When carrying out research, it's important to be coordinated in time and space. Time is of the essence when grant deadlines are looming, and spatial coordination is essential in a crowded laboratory. This need for time/space coordination is also applicable to cells, and an example of this is discussed in a Review on page 127 by Eckart D. Gundelfinger, Michael M. Kessels and Britta Qualmann. In secretory cells, exocytosis must be tightly coupled to endocytosis to control the surface area and composition of the plasma membrane and, although we understand the processes of exocytosis and endocytosis quite well, what is less clear is how these two events are coordinated in time and space.

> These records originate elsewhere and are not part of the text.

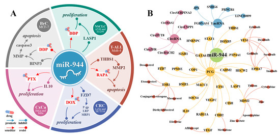 The miR-944-related therapeutic drugs. (A) miR-944 is associated with resistance to 4 drugs (DDP, RAPA, DOX, and PTX); (B) the target drugs of miR-944′s PCGs and the ceRNA/miR-944/PCG axes in the CADDIE database.
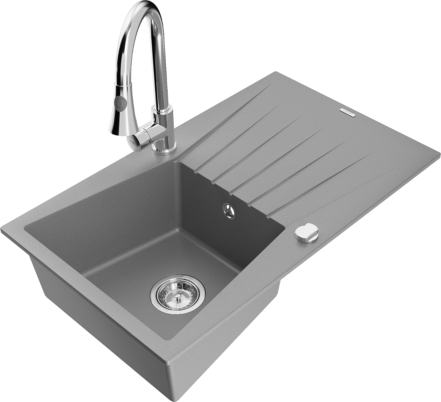 Mexen Cesar žulový drez s odkvapkávačom a kuchynskou batériou Elia, sivý - 6514-71-670101-00
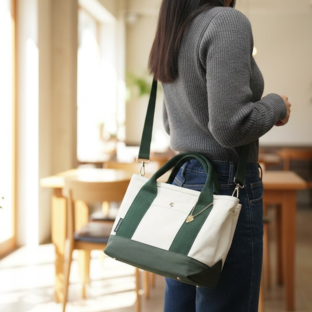オリジナル2WAYトートバッグ ショルダーバッグ キャンバスバッグ 3つ仕切り 底鋲付き ミニトートバッグ マザーズバッグ ランチバッグ 安定性 汚れ防止 自立
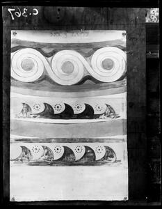 Watercolour drawing with an proposed reconstruction of a fresco with a spiral and lotus design, found by Tsountas near the Western portal. MYC 3/2/36 is included in 1936 Exhibition collection: 1936 EXH - 113.
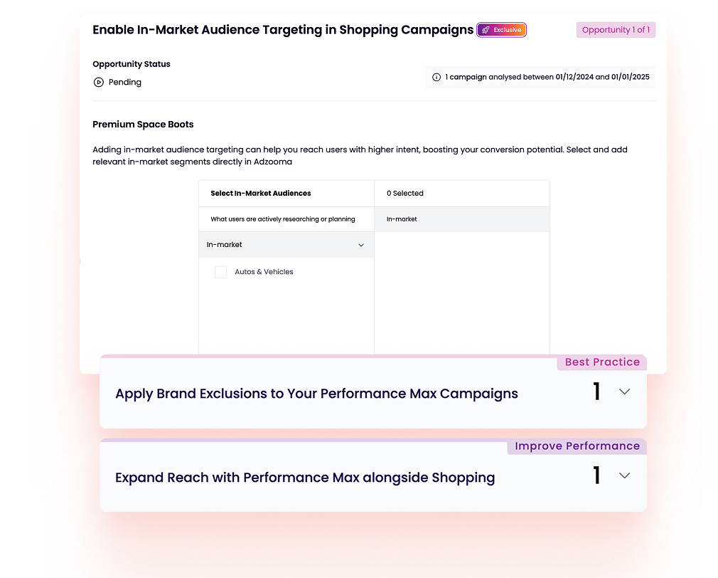 Adzooma analyses product feed quality, missing attributes, budget gaps, negative keyword opportunities, audience signals, UET tracking, and remarketing setup. These checks ensure your campaigns are compliant, visible, and profitable.
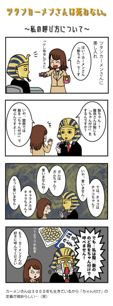 3000年以上も生き続けるツタンカーメンさんはミイラであっても肉体を維持するために死ぬわけにはいかない。今回は猫田さんが飴を差し入れるも、その呼称が気になってしまう…。
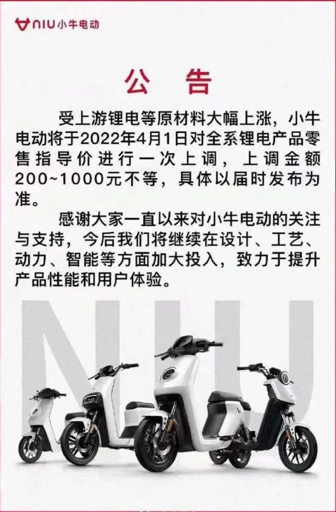 不过事情没那么简单,因为新能源汽车也跟着今年油价来一波疯涨。甚至就连两轮电动车小牛也宣告涨价200~1000元不等。
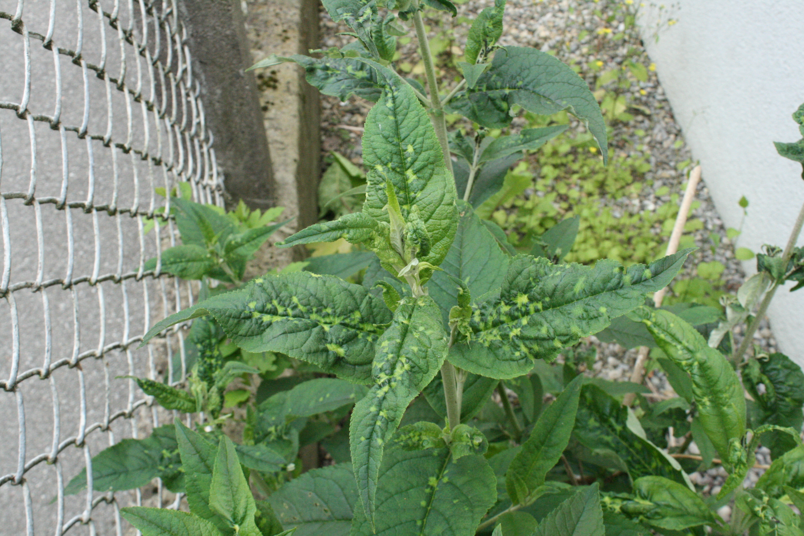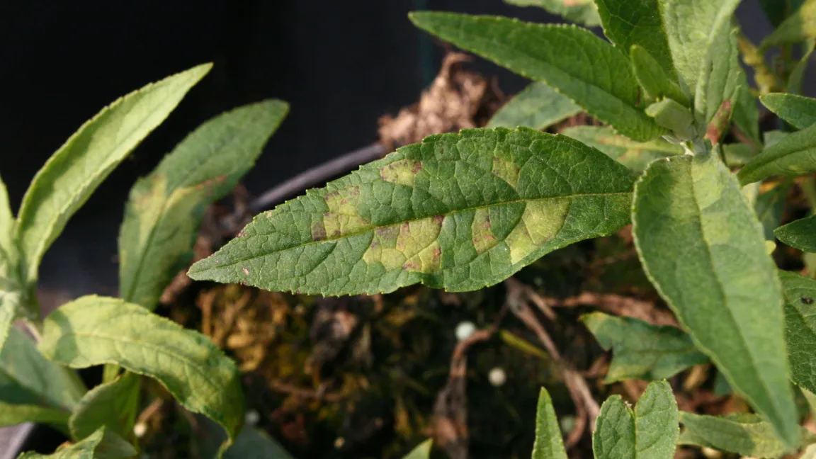 Verkrüppelte, gelbscheckige Blätter an Schmetterlingsflieder
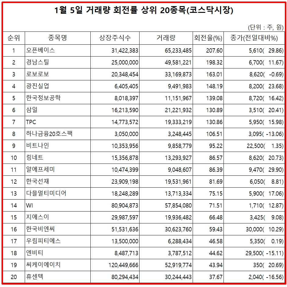 5일 주식시장에서 코스닥 종목 거래량 회전률 기준 상위 종목은 다음과 같다.
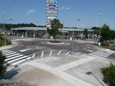 Am Fachmarktzentrum "Rondo" sind im bestehenden Kreisel Fußgänger-Überwege neu errichtet worden.
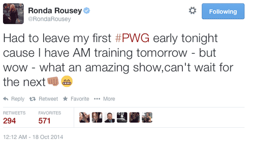 Ronda no pudo quedarse toda la función, pues en esos meses estaba entrenando para enfrentar a Cat Zingano (de hecho lo publicó en un Tweet ese mismo día)
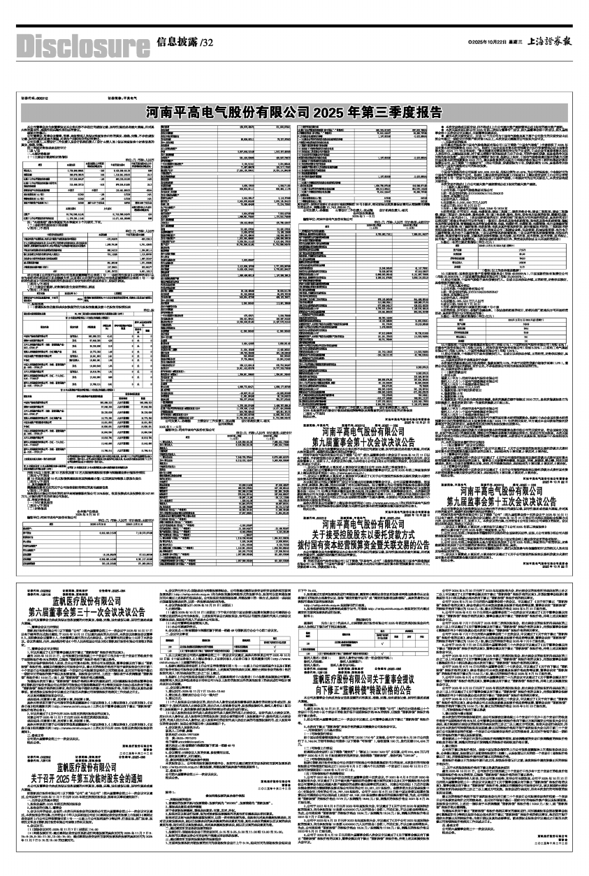 蓝帆医疗股份有限公司(以下简称“公司”)第六届董事会第三十一次会议于2025年10月17日以电子邮件的方式发出通知,于2025年10月21日以通讯表决的方式召开。本次会议应参加会议董事8人,实际参加会议董事8人,全体董事以通讯的方式出席会议。公司董事长刘文静女士主持了本次会议。会议的通知、召开、表决程序符合《中华人民共和国公司法》和《蓝帆医疗股份有限公司章程》的规定。
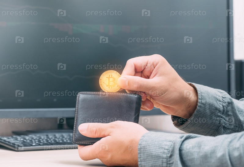 Человек держит золотые биткойны и кладет их в кошелек
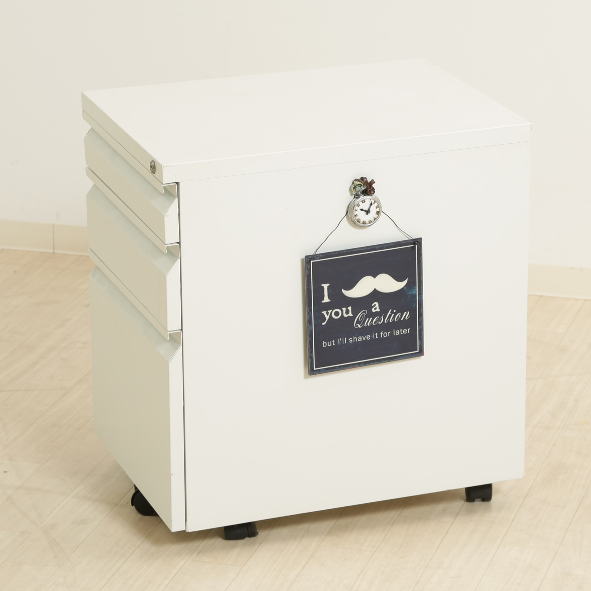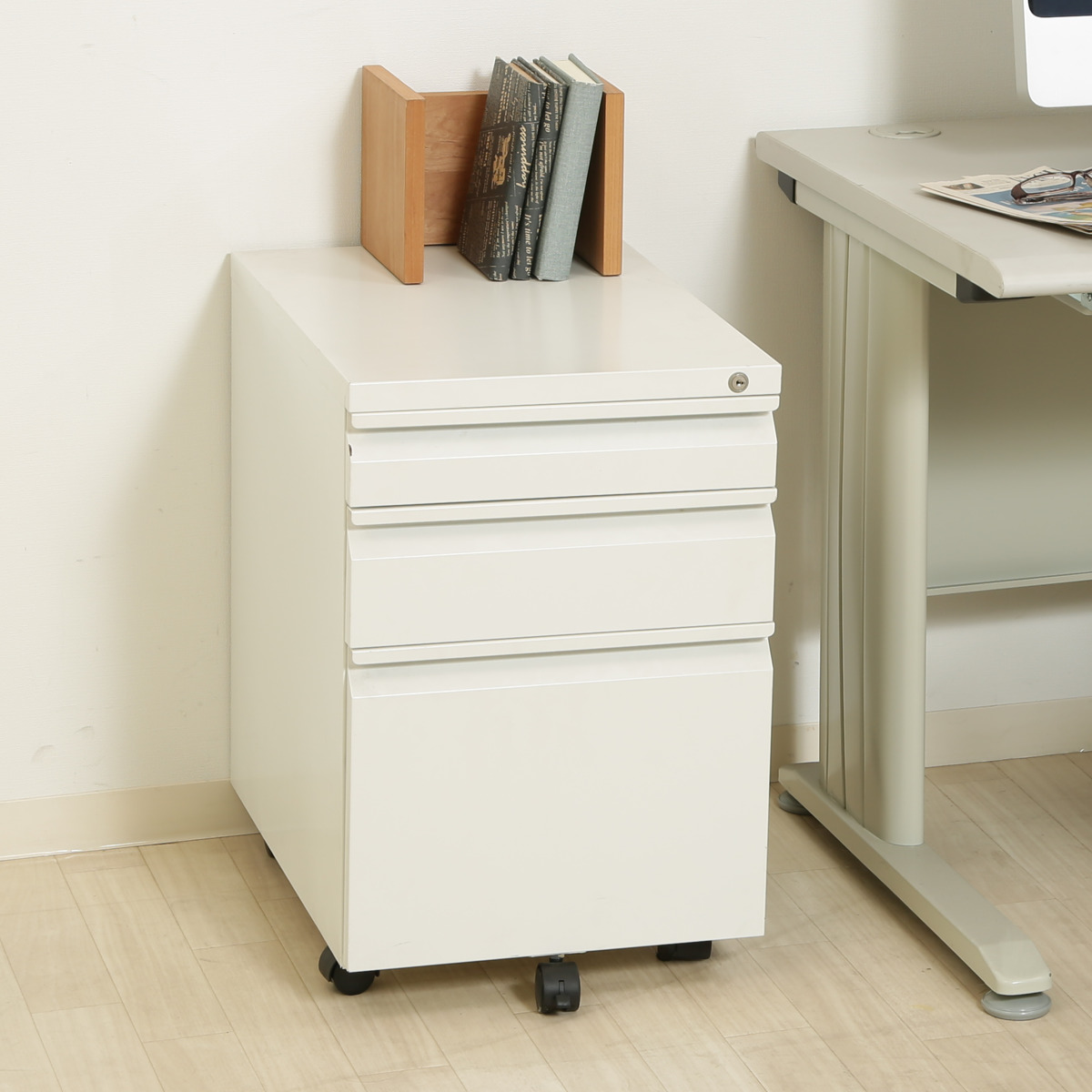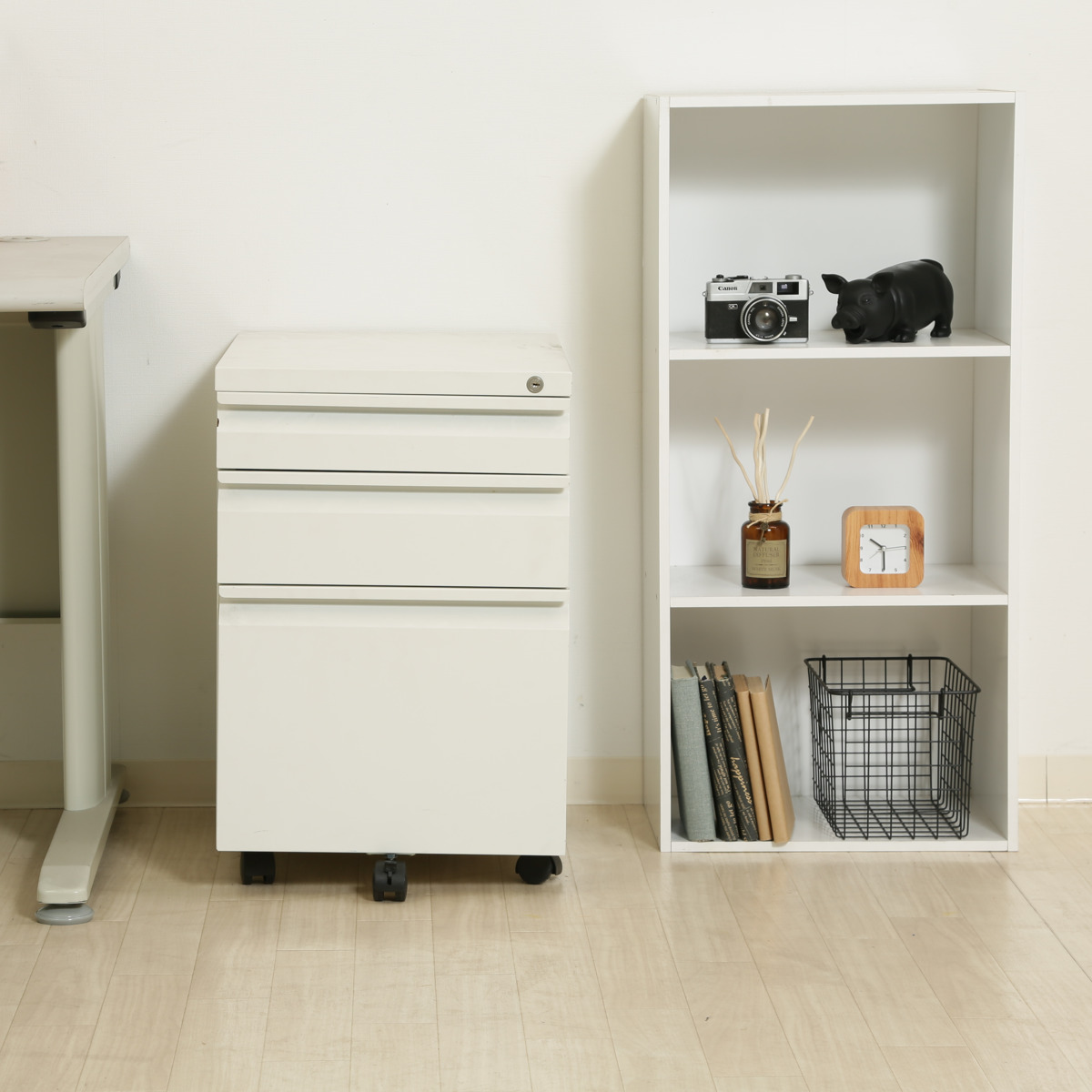 デスクサイドやデスク下で使えるシンプルな3段式ワゴンです。散らかりがちなデスク周りの小物や資料、ファイルなどを整理収納するのにぴったりです。ホワイトカラーがお部屋やオフィスをパッと明るく見せてくれます。
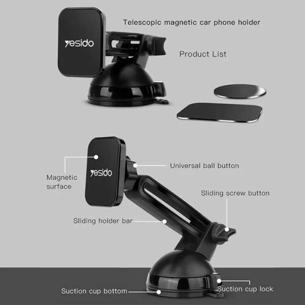 هولدر مگنتی یسیدو C36 است. یک پایه با قدرت مکش بسار بالا روی استند هولدر تعبیه شده که از طریق ایجاد خلع به سطوح می چسبد و به شما امکان این را می دهد که بتوانید پایه نگهدارنده را روی میز، روی شیشه یا قسمت جلویی خودروی خود قرار دهید. همچنین درون بسته بندی برچسب مخصوص آهنربایی قرار دارد که لازم است آن را به پشت گوشی موبایل خود بچسبانید تا گوشی به راحتی روی پایه آهنربایی هولدر قرار بگیرد. پایه هولدر مگنتی Yesido C36 بسیار محکم و مقاوم است و درون آن 4 آهنربا قرار گرفته است. وجود این 4 آهنربا سبب می شود که گوشی یا تبلت شما روی هولدر ثابت بماند. همچنین پایه این هولدر بصورت کشویی طراحی شده است و شما می توانید درصورت نیاز ارتفاع هولدر را تغییر دهید. ارتفاع این هولدر بین 15 تا 20 سانتی متر تغییر می کند. علاوه بر این بدنه هولدر قابلیت چرخش تا 360 درجه را دارد و می توانید آن را با زاویه دید خود تنظیم کنید. پایه هولدر نیز تا 240 درجه امکان چرخش دارند.
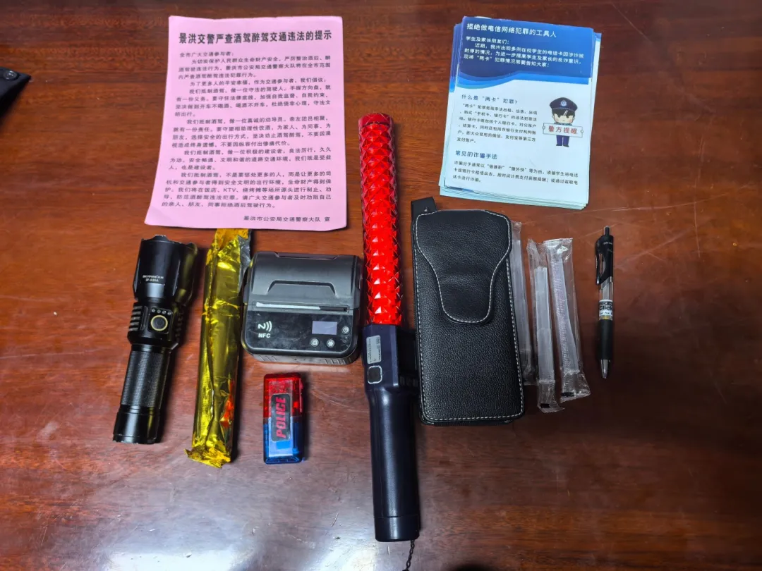 “荧光色和交警是标配,它不仅具有安全提示作用,用起来很方便。”丁鹏自豪地说,这个看似普通的荧光色挎包,拉开拉链,包里微型打印机、测量卷尺、酒精检测仪、笔记本、交通安全宣传册等一应俱全,藏着满满的“大学问”。“农村交通管理讲究灵活便捷,这个包就是我的移动办公点。”丁鹏笑着说,挎包的荧光色是自己特意挑选的,不仅在白天醒目,夜晚的反光条在车灯下能瞬间亮起,在巡逻时,村民也能远远就能看见,既方便开展工作,也能起到警示作用。
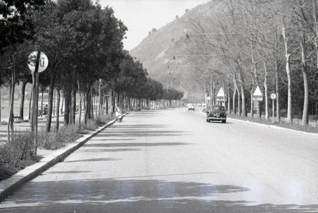 Segnali limite velocità viale Miramare ; turisti francesi in vespa sulle rive
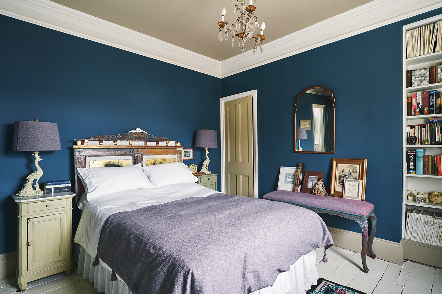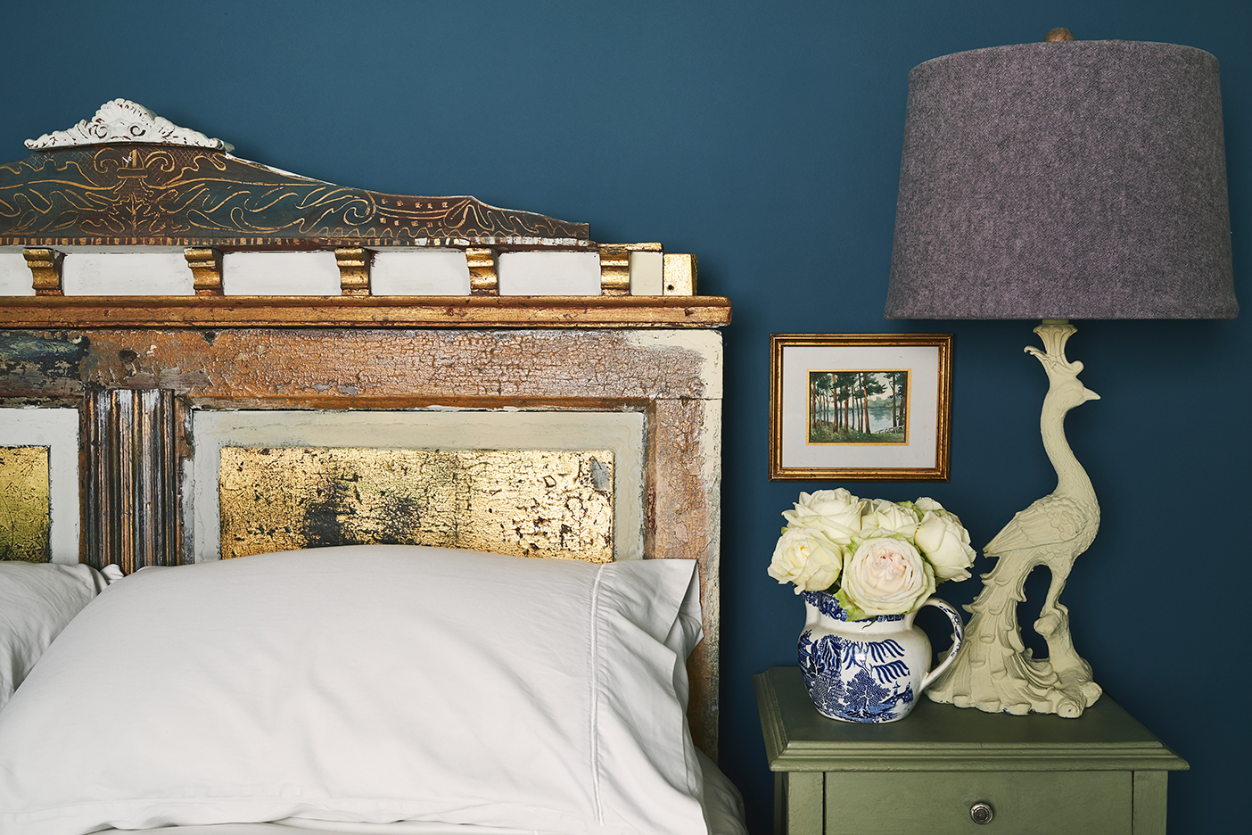 While splashy red was a solid fit for the dining room, Sloan steers clear of warm hues in the bedroom, including bright whites. “I want something deep and nonchallenging,” she explains. The palette is an ode to Versailles, featuring grayish greens, muted violets (all the fabrics are Annie Sloan designs), and hints of gold.

The importance of spatial coordination is highlighted in a Review on page 105 by José D. Faraldo-Gómez and Mark S. P. Sansom. They describe how Gram-negative bateria acquire iron — a process that requires the coordinated action of various proteins to transport iron-containing compounds across the bacterial cell wall and the inner and outer membranes. Spatial coordination is also important for the formation of protein complexes. On page 140, Laszlo Lorand and Robert M. Graham review transglutaminases, enzymes that catalyse the crosslinking of proteins in space to generate and strengthen supramolecular structures. And, on page 95, Jürg Tschopp, Fabio Martinon and Kimberly Burns discuss NALPs, a new protein family that is involved in inflammation. NALP1 and other proteins come together in space to form a complex called the inflammasome, which results in the activation of pro-inflammatory caspases.

Finally, back to time. In an Opinion article on page 157, Crispin J. Miller and Teresa K. Attwood look to the future and try to predict how the increasing scale of data analysis will affect the bioinformatics job market.